その場合の課税価格の金額が法定相続分までの相続に関しては相続税が掛からない事になっています。もし法定相続分を越えた金額を相続した場合でも、1億6,000万円までは税金が掛かりません。そして1億6,000万円を越えても法定相続分であれば税金が掛からない事になります。相続税の支払いが生じる場合とは、前者では1億6,000万円を超えた相続額、後者は法定相続分を越えた相続額との差額についてそれぞれ税金が掛かってきます。

配偶者控除を受ける為には、申告書の作成だけではなく他にも必要な書類を揃える事となります。それは申告書の提出時に添付をする為の種類となります。戸籍謄本、遺言書、そして遺産分割協議書等の写し等、相続した配偶者の財産の内容が分かるような書類が必要です。そして印鑑証明書も用意しておく必要があります。

申告書の提出は被相続人が亡くなった翌日から10か月以内に行う必要がありますが、もし遺産の分配が期限までに決まらない時には特例の控除を受ける事が出来ません。その場合の相続税額は控除を含まない金額が課税価格となります。しかしそれも救済措置があり、「申告期限後3年以内の分割見込書」の提出をする事により後から還付をして貰う事が出来ます。これは、遺産分割が期限までされなかった事実や、今後の分割の見込み等を記した書類です。

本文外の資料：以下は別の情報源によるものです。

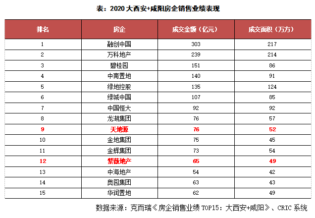 根據(jù)克而瑞西安機構(gòu)的數(shù)據(jù)來看,2020年大西安+咸陽房企銷售表現(xiàn)中,融創(chuàng)以303億元摘得榜首,萬科、碧桂園緊隨其后,在TOP15排行榜中,本土房企天地源和紫薇地產(chǎn)分別以76億元和65億元分別排名第9和第12名,整體來看,本土房企僅有2家高科系的身影,未來在強者恒強的情況下,西安本土小房企的擴張之路將更加困難。
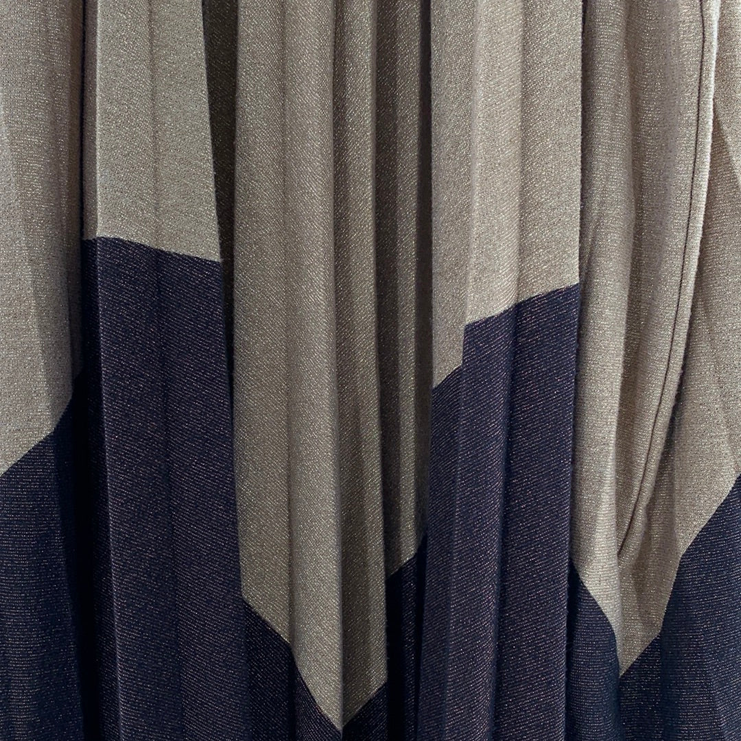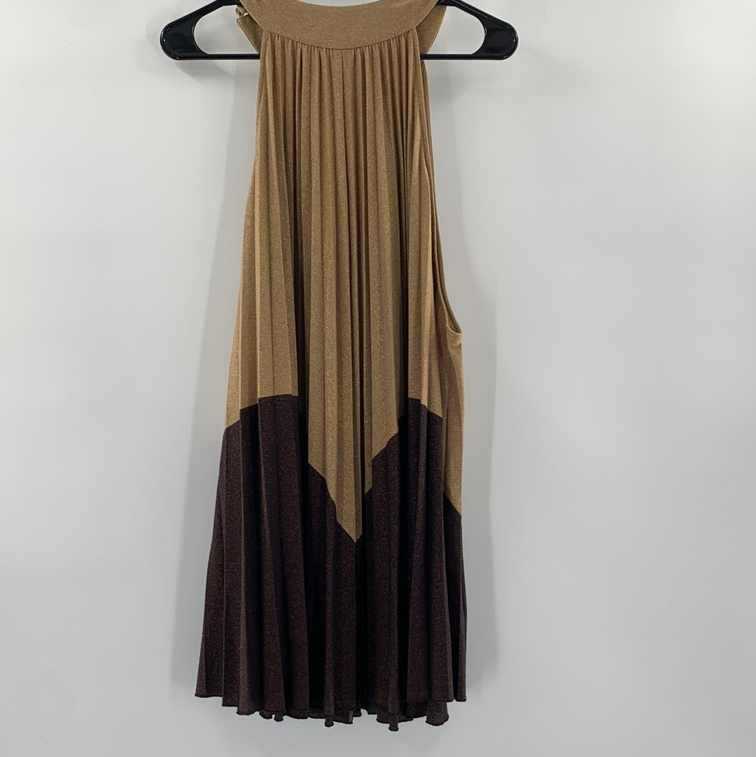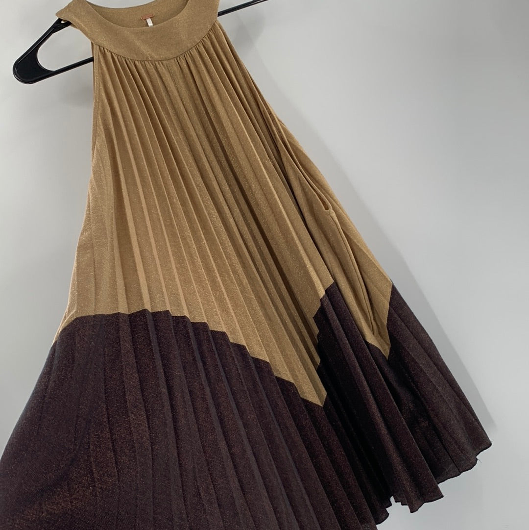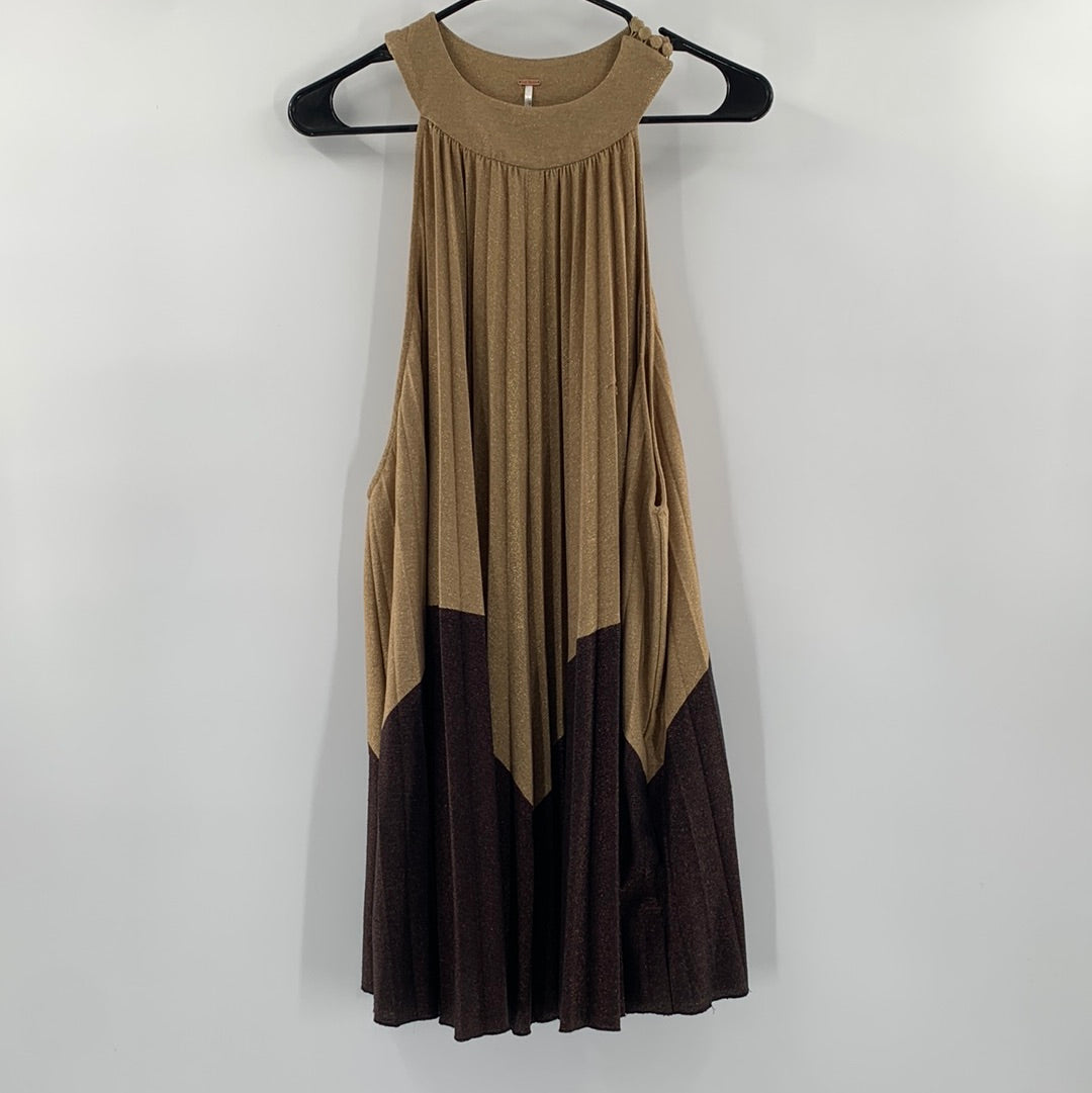 Free People Glittery Gold and brown pleated mini dress with high neckline and button closure

書類を提出した後に、3年以内に遺産の分割が決まった場合には、その日の翌日から4か月以内に税務署に更生の手続きをすると、払い過ぎた相続税の還付を受ける事が出来ます。

もし3年を過ぎてもまだ遺産の分割が決まらない時は、3年を過ぎた日の翌日から2か月以内に「遺産が未分割であることについてやむを得ない事由がある旨の承認申請書」という書類を税務署長に提出する必要があります。その手続きにより承認をされると更にその期限を延長して貰う事が出来ます。

その後に分割が決まれば、決まった日の翌日から4か月以内に遺産の分割を行い、更生の手続きをすると払い過ぎた相続税を還付して貰う事が出来ます。所定の期限に間に合わない場合でも適切な手続きをする事で、優遇措置を受ける事が出来るという事です。